Why would Democrats worry about hedge funds and offshore investments? Just think about where the Republicans would be if the original bill simply barred insurance companies from rejecting people because of pre-existing conditions and allowed families to keep children on the family plan until the children turned 26? What if the bill also mandated that Congress provide a solution to cover the uninsured and poor within one year, and threatened to place these people on Medicare if Congress refused to act? What if Congress were also ordered to investigate the true role of insurance companies and the problem of tort reform? What if the bill had simply provided a basis for building a national health plan instead of imposing a nightmarish mess of regulations with implications no one understands? Done. No additional taxes. No changes for the many millions who are happy where they are.

I voted for President Obama twice. I'm an independent. I'm a physician, but retired for thirteen years. I think of myself as impartial. What I see is a problem that starts first with the insurance companies we're trying to include in the solution. The fox in the henhouse.

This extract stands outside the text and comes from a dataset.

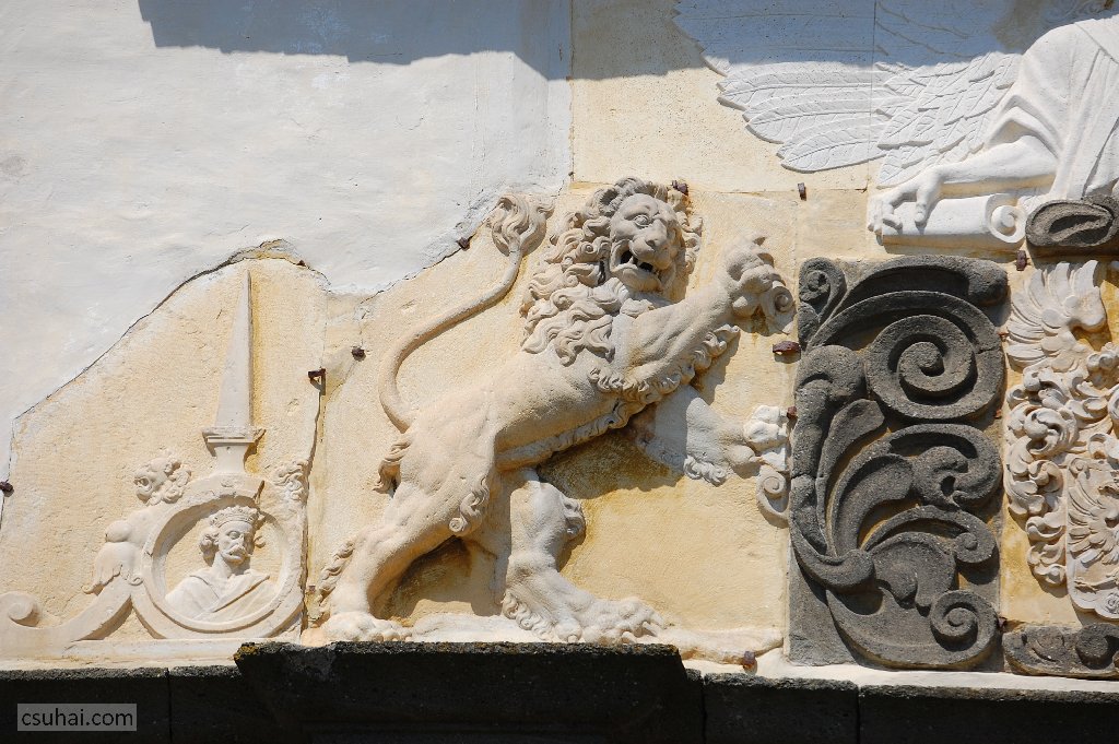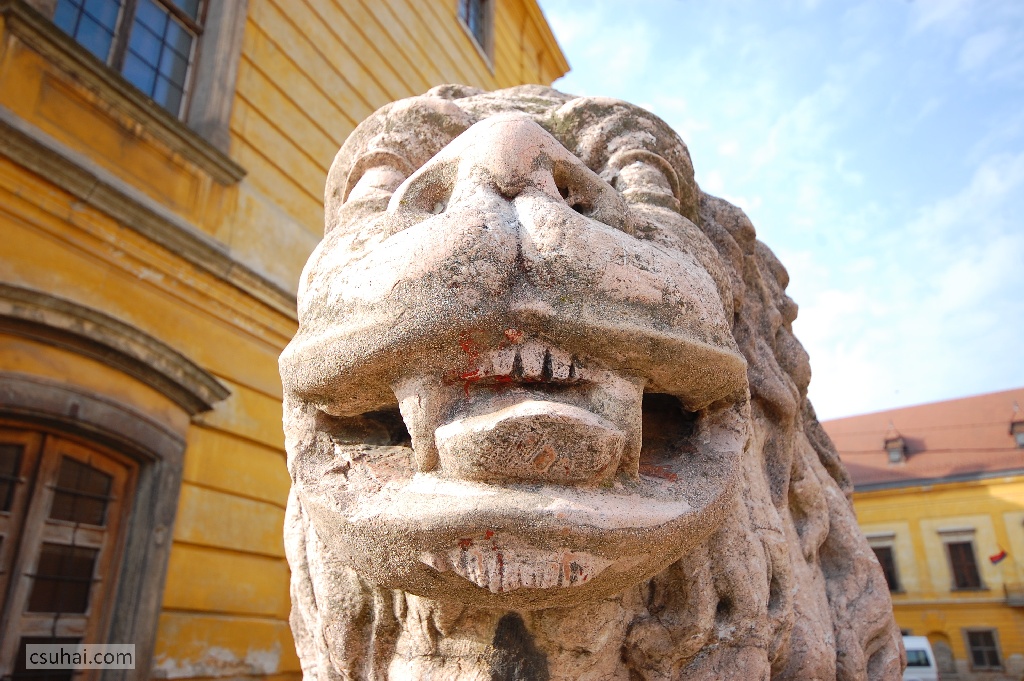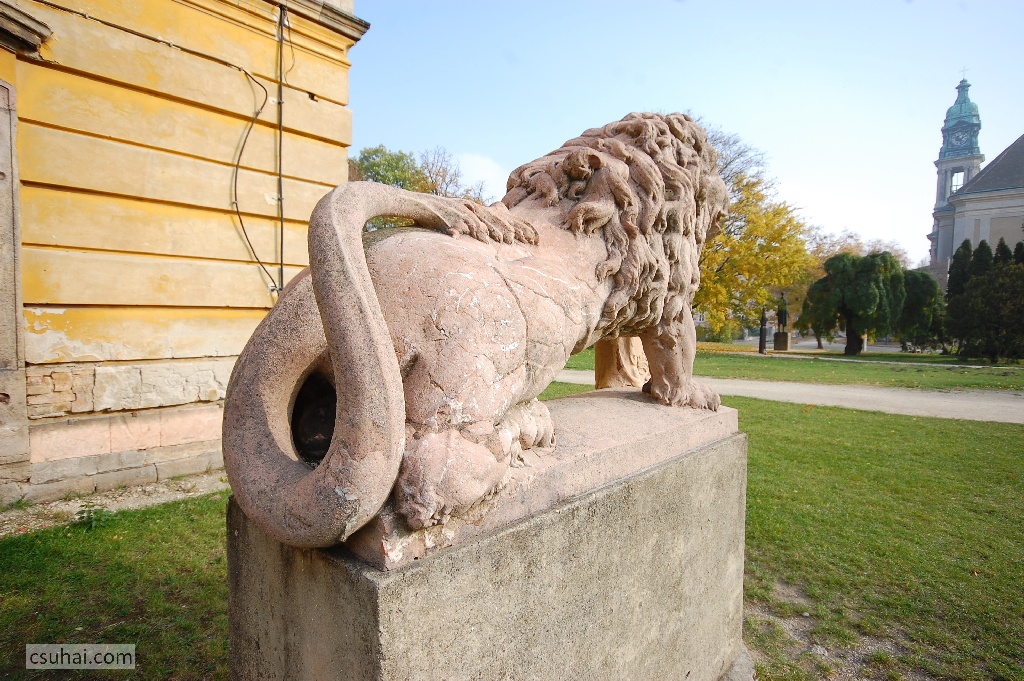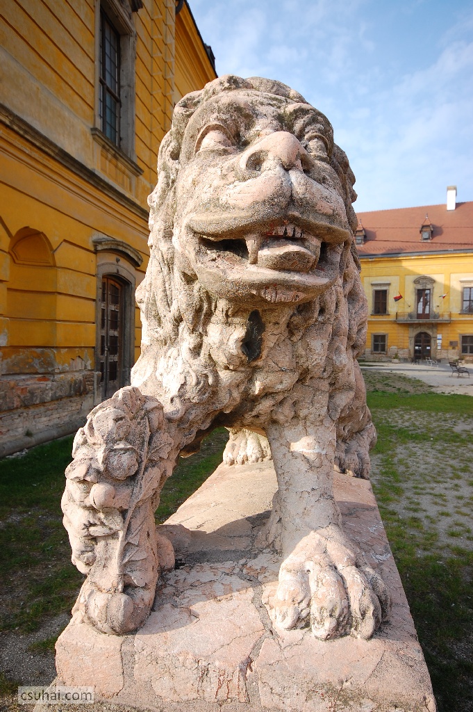 mint az ausztriai Güssing várának kapuját őrző két bojtos farkú dombormű-oroszlánnál, az egyik komoly, melankolikus alkat,

Look at the history of American business. Some 30 or 40 years ago, retailers began to realize that they could go directly to manufacturers for their wares. Why were they paying a cut to middlemen who were known as distributors? Just get rid of them. Costs for both the manufacturer and retailer went down, profits went up, and, sometimes, even the consumer benefited by paying less. The truth was that the distributor brought no added value.

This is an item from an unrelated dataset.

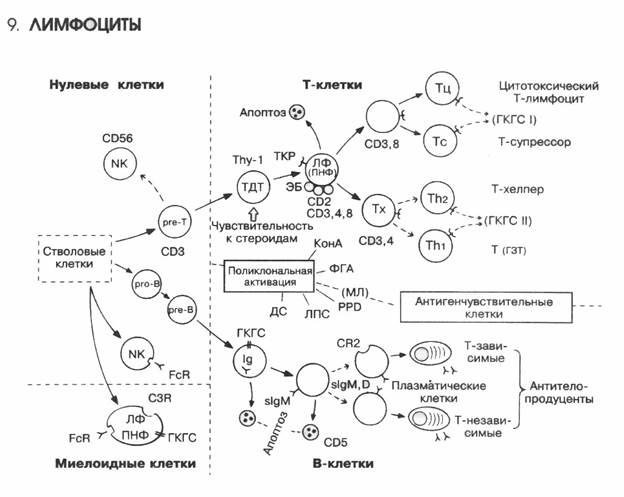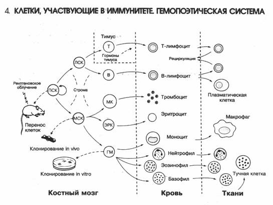 Нейтрофилы. Нейтрофилы - это полиморфноядерные лейкоциты, наиболее объемная популяции лейкоцитов, содержание их в крови составляет в среднем 3-6*10 клеток в 1 л. крови. Местом образования нейтрофилов является костный мозг. Нейтрофилы образуются из стволовой мультипотентной кроветворной клетки, из которой образуется пул миелоидных предшественников, затем стадии миелобласта, промиелоцита и миелоцита. Конечные этапы дифференцировки - это метамиелоцит, палочкоядерная и сегментоядерная формы нейтрофила. Длительность цикла Дифференцировки до зрелой клетки от 7 до 10 дней. Срок пребывания нейтрофилов в кровотоке в среднем 6,5 часов. Далее нейтрофилы, проникая через эндотелий сосудов при помощи амебовидного движения, попадают в ткань, где и заканчивают свое существование в течение 3-5 дней, осуществляя свои эффекторные функции: 1. Основная функция - уничтожение чужеродных клеток или агрегатов путем фагоцитоза. 2. Осуществляет киллинг чужеродных клеток. Эти эффекторные функции нейтрофил осуществляет после выхода из сосудистого русла; исключения из этого правила составляют лишь острый сепсис и воспаление сосудистой стенки. 3. Важнейшей функциональной характеристики нейтрофилов является формирование вместе с другими иммунокомпетентными клетками очага воспаления. Нейтрофилы как наиболее подвижные клетки первыми приходят к месту вторжения чужеродного и стимулируют приход в данный очаг других элементов. Выбрасывая свои гранулы, содержащие эластазы, коллагеназу, катионовые белки, лизоцим, щелочную фосфатазу, белок в ближайшее окружение, нейтрофилы влияют фактически на все основные механизмы воспалительной реакции. 4. Нейтрофилы, выделяя разнообразные химические вещества, участвуют в регуляции образования и функционирования иммунокомпетентных клеток других типов. 5. Кроме того, нейтрофилы выделяют митоген, активирующий бласттрансформацию В-лимфоцитов, а также хемотаксическое вещество, специфически действующее на моноциты и эозинофилы. Нейтрофилы оказывают влияние на выброс тромбоцитами серотонина.

The insurance companies are no different. They shovel money to both political parties and are allowed to conduct business as usual, scraping billions of dollars every year off the top of the health care pot while providing cures for no one. Obamacare limits them to profits of 20 percent! Ask any friend who is a small businessman whether he or she would be happy with a profit margin of 20 percent. If you could guarantee that, your friend would probably be willing to exchange a firstborn child.

Doing something noble, but doing it extremely badly, is not always a solution. In a stampede to provide wider health coverage while making sure wealthier people pay for it, the administration has provided a bill that is so flawed that even people like me, who are completely in favor of the underlying purpose, look askance at the new law and wonder what it would take to turn this chicken poo into chicken salad.

And let's not forget the Republicans. Instead of saying that there are nuggets in the mess worth saving, their only solution is to bring the nation to its knees. Why aren't they offering a stripped-down version of the bill that preserves the parts that even those opposed to the bill want to save? Why is no one proposing a bare-bones bill from which to expand a framework that might salvage some modicum of a health care system that was once the envy of the entire world? Their solution: more involvement for the health insurance companies that provide their golf outings.

I'm not sure how to distribute health care without insurance companies, but I do know that parts of the country have consortia of hospitals, doctors, and patients that seem to function adequately. I'm not sure how to cover all the uninsured. In my state, New Jersey, they still get care; it's just not administered in a way that makes sense financially. The point is that, when it comes to thinking about solutions, no one, not doctors, not hospitals, not the electorate, and certainly not politicians are willing to expend the effort to build a system through thought, study, and compromise.

Health care is expensive. Great health care is very expensive. We're going to get only what we're willing to pay for. We've got to take the trouble to decide what that will be. The disgrace we are witnessing in Washington is not the way to go about it. Who do these lawmakers really think they're representing? They look at polls that ask, "What do you think of Obamacare?" That's not the question. The question is, "Do you want to be able to get affordable insurance even though you have high blood pressure?" We had better start to get serious, or our situation will deteriorate to the point where we will only be involved in damage control, our ability to right our ship will slip away, and the lifeboats will be all that is left.